The FQDN of the Master node is the Metastore hostname.

Obtain the Metastore Port¶

A user with the EnvironmentUser Resource Role can obtain the Metastore Port on the Cloudera Data Platform Environments List web user interface.

On the Environments / List page, locate and select the Data Warehouse environment.

On the Clusters page, select the Data Lake tab.

Click on the URL under CM URL in the Cloudera Manager Info section.

You are navigated to the Cloudera Manager (CM) user interface.

On the CM page, click Hive Metastore under the Status column.

Click on the Configuration tab.

Search for Hive Metastore Server Port in the Search field.

Copy the Metastore Port from the hive.metastore.port field.

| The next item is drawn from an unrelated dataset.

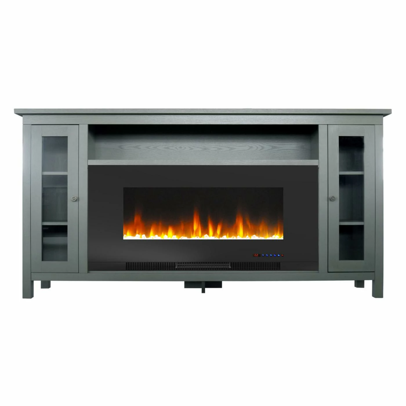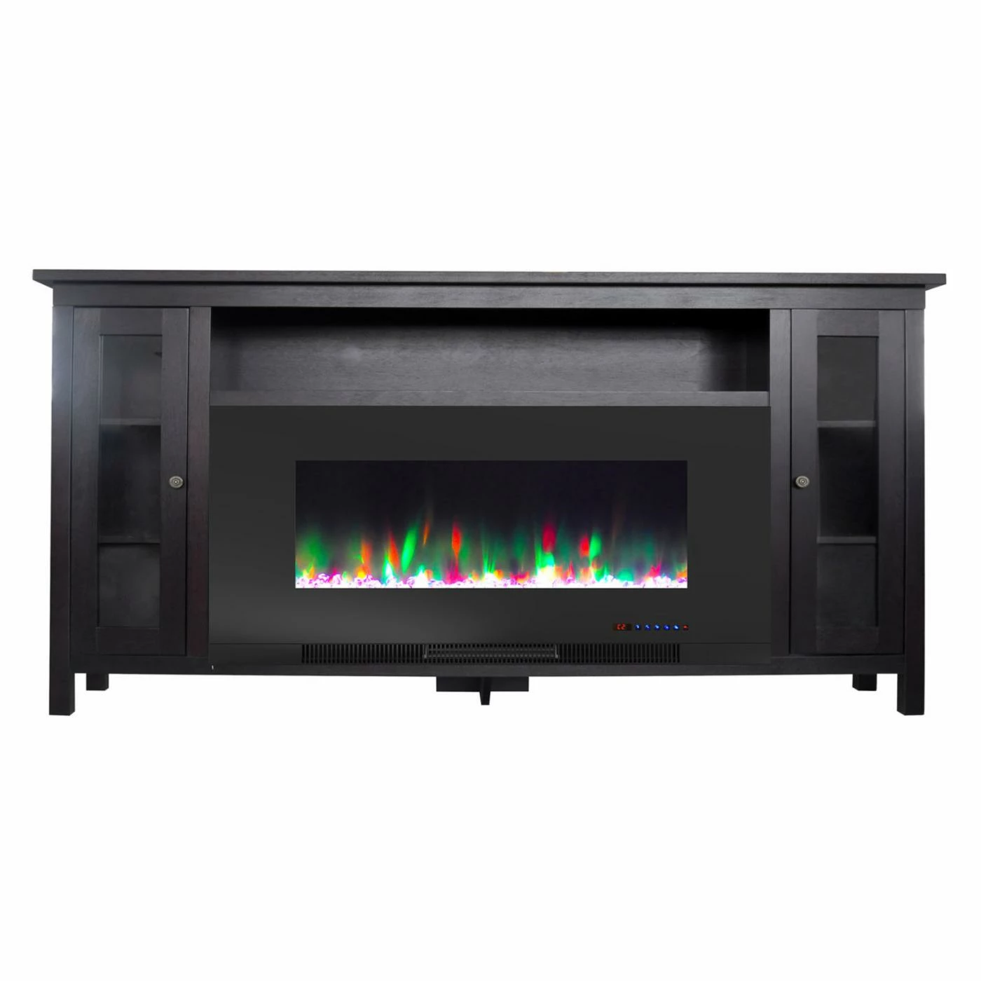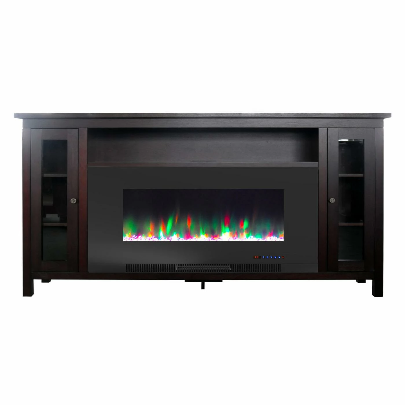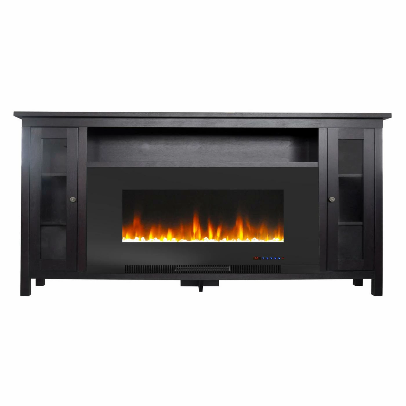 Warm up by the cozy fire and watch your favorite shows with the Cambridge Somerset 70 in. Electric Fireplace TV Stand. This stand features two vertical cabinets with two shelves each for plentiful storage. A wide media shelf stretches over a built-in LED fireplace display equipped with ten adjustable hues for completely customizable ambience. Use the included remote control to heat up your hearth, or choose to switch over to flame-only mode during the warmer months. Organize your favorite home media accessories in this modern TV stand and fireplace.

Obtain Kerberos Principal¶

A user with the EnvironmentUser Resource Role can obtain the Kerberos Principal on the Cloudera Data Platform Environments List web user interface.

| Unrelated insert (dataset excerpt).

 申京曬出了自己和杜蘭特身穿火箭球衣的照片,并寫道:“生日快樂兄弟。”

On the Environments / List page, locate and select the Data Warehouse environment.

On the Clusters page, select the Data Lake tab.

Click on the URL under CM URL in the Cloudera Manager Info section.

You are navigated to the Cloudera Manager (CM) user interface.

On the CM page, click Hive Metastore under the Status column.

Click on the Configuration tab.
Search for Kerberos Principal in the Search field.

Copy the Service name of the Kerberos Principal from the kerberos_princ_name field.

Kerberos Principal has the format <service-name>/<hostname>@<DOMAIN>. The <hostname> is the same as the metastore hostname

You can retrieve the <DOMAIN> from the [domain_realm] section of the Kerberos Configuration file.

Example
    [domain_realm]
        .TF91-AL.C1N0-JTR4.CLOUDERA.SITE = TF91-AL.C1N0-JTR4.CLOUDERA.SITE
         TF91-AL.C1N0-JTR4.CLOUDERA.SITE = TF91-AL.C1N0-JTR4.CLOUDERA.SITE

In this example, <DOMAIN> is *TF91-AL.C1N0-JTR4.CLOUDERA.SITE*.

Obtain the Hadoop RPC Protection¶

A user with the EnvironmentUser Resource Role can obtain the Hadoop RPC Protection on the Cloudera Data Platform Environments List web user interface.

On the Environments / List page, locate and select the Data Warehouse environment.

On the Clusters page, select the Data Lake tab.

Click on the URL under CM URL in the Cloudera Manager Info section.

You are navigated to the Cloudera Manager (CM) user interface.

On the CM page, click CORE_SETTINGS-* under the Status column.

Click on the Configuration tab.

Search for Hadoop RPC Protection in the Search field.

The Hadoop RPC Protection gets selected in the Hadoop.rpc.protection.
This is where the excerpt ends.